How do you know when your doctor is expressing empathy? She will be listening attentively and will summarise your illness story back to you. Crucially she will summarise not just the hard facts of your story but also the emotions you are experiencing due to the illness. And you will be aware that the doctor is working to integrate your agenda.

However, a couple of articles and a book have recently challenged my thinking on the absolute goodness of empathy. Writing in the online magazine Aeon, ethicist Karin Jongsma and psychologist Verena Klar ask if empathy is an overrated skill when dispensing medical care? Many physicians are now trained to be empathetic, but still struggle with showing empathy all day, every day, they note.

“We’ve long assumed that the empathising doctor is the better doctor, but both aspects of empathy – the cognitive and the emotional – can malfunction. From the cognitive end, our ability to walk in someone else’s shoes is biased and not-neutral; we walk easier in shoes that fit us . . . And from the emotional end, we underestimate the influence of affective states such as anxiety or depression on other people’s behaviour when we are not affectively aroused ourselves.”

Non-empathetic compassion

Their solution? “We want our doctors to acknowledge our needs and act accordingly, yet we don’t actually need them to mirror our pain. In fact, this final requirement is most closely related not to empathy but to compassion – defined among emotion researchers as the feeling that arises when you are confronted with another’s suffering, including the desire to help. This non-empathetic compassion . . . might act as a bridge between recognising the other’s feelings and providing care without the detriments of empathy.”

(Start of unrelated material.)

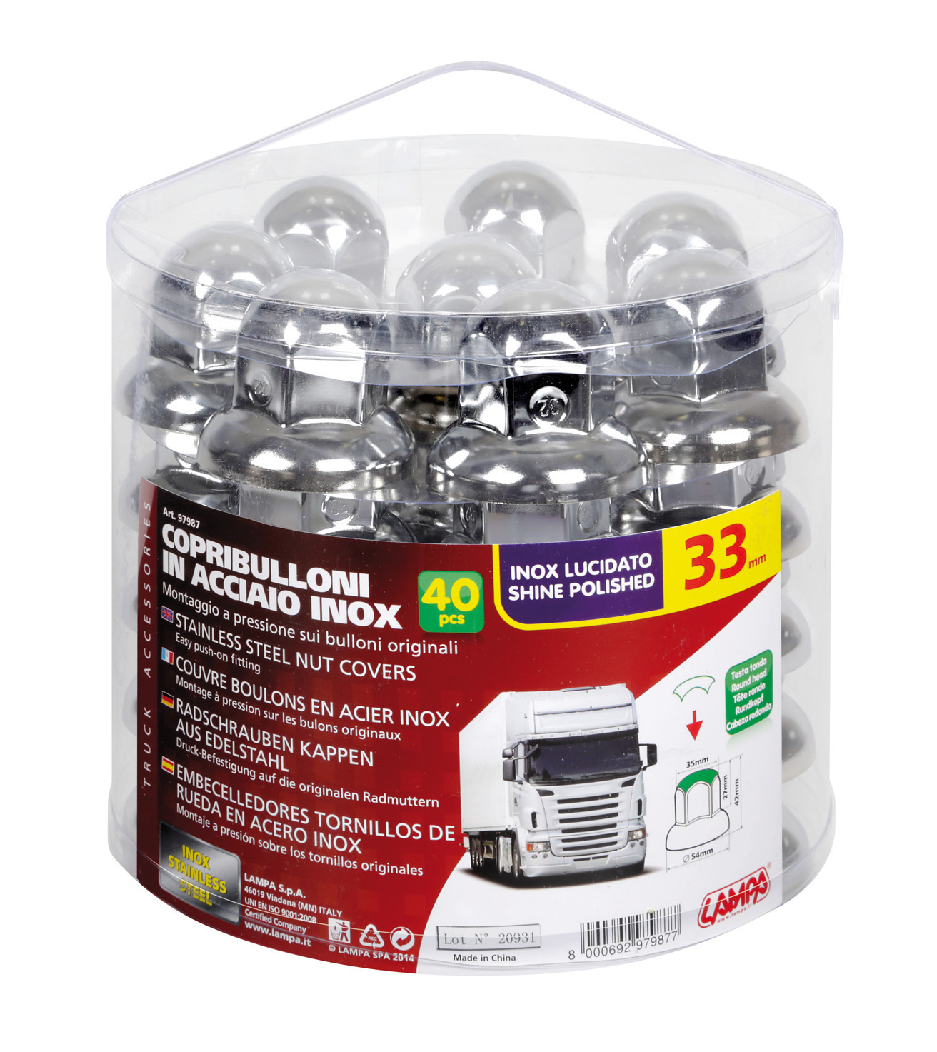 Dome, Set 40 copribulloni testa tonda in acciaio inox – Ø 33 mm – Cromo

Writing in a recent issue of the Medical Independent, Tipperary GP, Dr Lucia Gannon, says that climbing into someone else's skin isn't easy. " The continuous sharing of other people's pain is not good for doctors. Recent scientific studies have shown that doctors with high levels of empathy . . . are at higher risk of burnout than those who score lower on [an empathy scale]."

And in his just published book, Against Empathy, Yale psychology professor Paul Bloom, comes out strongly against emotional empathy. He is not dying about cognitive empathy either, but is on the side of compassion. In fact, the title flatters to deceive, and the book is more an argument for rational compassion.

It’s no harm to have ones certainties challenged.